Question

I am making a "paint"-like app that allows the user to do freehand drawings on an image. It's based on the SimpleDrawing app by Nathanial Woolls.

The user should also be able to pan and zoom. So I have a button that turns zoom on/off. When zoom is on, double touch on the screen should zoom and single touch drag should pan. When it's off, the active drawing tool acts on the image.

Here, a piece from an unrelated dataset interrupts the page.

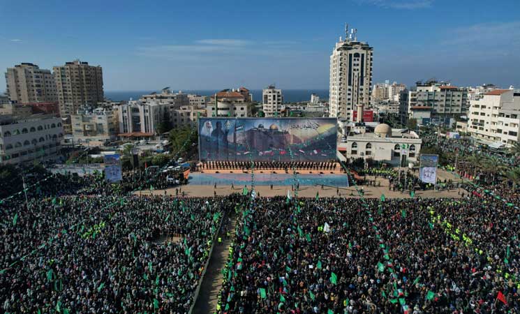 غزة.. أحيت حركة حماس ذكرى انطلاقتها الـ 35، بمهرجان جماهيري كبير أقيم في “ساحة الكتيبة”، حضرته حشود كبيرة من المواطنين، قدمت من كل مناطق قطاع غزة، وتخللها للمرة الأولى كلمة لقائد الجناح العسكري محمد الضيف، أشاد بها بالمقاومة وتوعد قادة الاحتلال.وهدد الضيف، في كلمة مسجلة، خلال عرض عسكري لأفراد من القسام خلال المهرجان، دولة الاحتلال، موجها رسالة تحذير لإسرائيل التي تستعد لتشكيل حكومة من اليمين المتطرف، قال فيها: «أيها الغرباء عن أرضنا، لقد عجز آباؤكم المؤسسون وهم في قمة جبروتهم وانتمائهم لفكرة الصهيونية الخبيثة عن استئصال شعبنا، أو طمس هويتنا»، وأضاف: “أنتم اليوم أعجز وأجبن من أن تنجحوا في ما فشل فيه آباؤكم، وستكون نهايتكم وزوال كيانكم وكنسكم عن أرضنا هي غنيمتنا ووعد ربنا الذين لن يتأخر عنكم بإذن الله”.وطالب بأن “تتوحد كل الرايات ولتلتئم كل الجبهات ولتفتح كل الساحات لهدف واحد وغاية كبيرة نبيلة مقدسة وهي تحرير فلسطين”، وأشاد الضيف، الذي لا يخرج للعلن، ولا تعرف صورته، بأهالي الشهداء والجرحى والمصابين والأسرى والمبعدين، وقال: “عهداً أن نواصل طريق الشهداء حتى نلقى الله مقبلين غير مدبرين”.وتخلل المهرجان قيام أحد أفراد الجناح العسكري لحركة حماس، عرض بندقية الضابط الإسرائيلي هدار جولدن، الذي وقع في قبضتهم، في الحرب التي شنتها إسرائيل ضد غزة في صيف العام 2014، وقال إن البندقية التي حملها هذا الناشط في القسام، والذي يعمل في “وحدة الظل” المسؤولة عن إخفاء الجنود الأسرى، تحمل الرقم (42852351).وتقول إسرائيل إنه قتل قبل أسره، فيما ترفض حماس الكشف عن مصيره، وتطلب مقابل ذلك أن تحصل على عدة مطالب.وفي الكلمة المركزية لحركة حماس، التي ألقاها في المهرجان رئيس الحركة يحيى السنوار، أكد على مضي حماس في طريق المقاومة، وتطرق في كلمته إلى صمت المقاومة في غزة على الهجمات الإسرائيلية الأخيرة ضد الضفة والقدس، وأشار إلى أنها جاءت في إطار تكتيك للحركة، يهدف إلى إعطاء غزة فترة لـ “التقاط الأنفاس”، لكنه قال إن الصمت فيه إعداد لقدرات المقاومة، وأشاد في ذات الوقت بالمقاومة في الضفة والقدس، التي تواجه الاحتلال بكل الوسائل.وأشار إلى أن عام 2023 سيكون فيه “استحقاقات وطنية كبرى”، بعد صعود اليمين الفاشي إلى الحكم، وأضاف: “نحن أمام مواجهة مفتوحة مع هذا العدو الذي يصر أن تكون المعركة دينية”، وتوعد السنوار بأن المقاومة قادرة على قلب المعادلات، مشيرا إلى أن المقاومة أسقطت من قبل حكومات عدة للاحتلال، وأضاف: “قادرون على إسقاط كل حكومات الاحتلال”.وقال، موجها حديثه لقادة اليمن الإسرائيلي: “لا نخشاكم ولا نخشى تهديداتكم ولا سياساتكم”، وأضاف: “مقاومتنا وشعبنا جرب من هو أبشع وأخطر منكم من قادتكم، وقد أسقطنا وقبرنا قادتكم سابقًا”.وأشاد بجهود الجزائر الرامية لإتمام المصالحة، بهدف إنهاء الانقسام، وإعادة ترتيب منظمة التحرير، لكنه جدد رفض حماس لشروط الموافقة على شروط اللجنة الرباعية من أجل تشكيل حكومة وحدة وطنية.وقال إن حماس لم تختلف يوما مع حركة فتح “حينما كانت ترفع لواء الكفاح المسلح”، وأن حماس على وفاق كامل وتنسيق مع كل من يحمل البندقية، وانتقد في ذات الوقت حملة الاعتقالات الأخيرة في الضفة الغربية التي طالت نشطاء حماس، وقال إنها تعد “مؤشراً على أن قيادة التنسيق الأمني مصرة على السير في النفق المظلم”، ودعا قيادة السلطة إلى تنفيذ قرارات المجلس المركزي و”وقف التنسيق الأمني”.وحين تطرق لملف الأسرى، أعلن في ظل تعنت الاحتلال، ورفض مطالب حماس، عن مهلة لم يحددها بعد، للتجاوب مع مطالب المقاومة لإنجاز صفقة تبادل الأسرى، وهدد في حال عدم تجاوب الاحتلال بإغلاق هذا الملف، والبحث عن طرق أخرى لتحرير الأسرى، لافتا إلى أن آخر وساطة بشأن إتمام الصفقة كانت قبل انتخابات دولة الاحتلال الأخيرة، وتوقفت بعد هذه الانتخابات.وأطلقت حركة حماس شعار “قادمون بطوفان هادر” على هذا المهرجان، الذي شهد حشدا جماهي

This is my view hierarchy:

- ViewController.view
 |- Top toolbar
 |- bottom toolbar
 |- scroll view
   |- drawingView
     |- N other views depending on elements user adds
     |- ...

The scroll view handles pan and zoom as such:

-(void)scrollViewDidEndZooming:(UIScrollView *)scrollView withView:(UIView *)view atScale:(CGFloat)scale
{
     [drawingView setNeedsDisplay];
     [scrollView setNeedsDisplay];
}

-(UIView *)viewForZoomingInScrollView:(UIScrollView *)scrollView
{
     return drawingView;
}

To turn the zoom on/off, I set its min/max zoom scale properties (both to 1 to turn off, and to 0.5/3 to turn on) along with the userInteractionEnabled property.

The responder responsible for handling touch events on the drawing view and activating the drawing tools is the view controller.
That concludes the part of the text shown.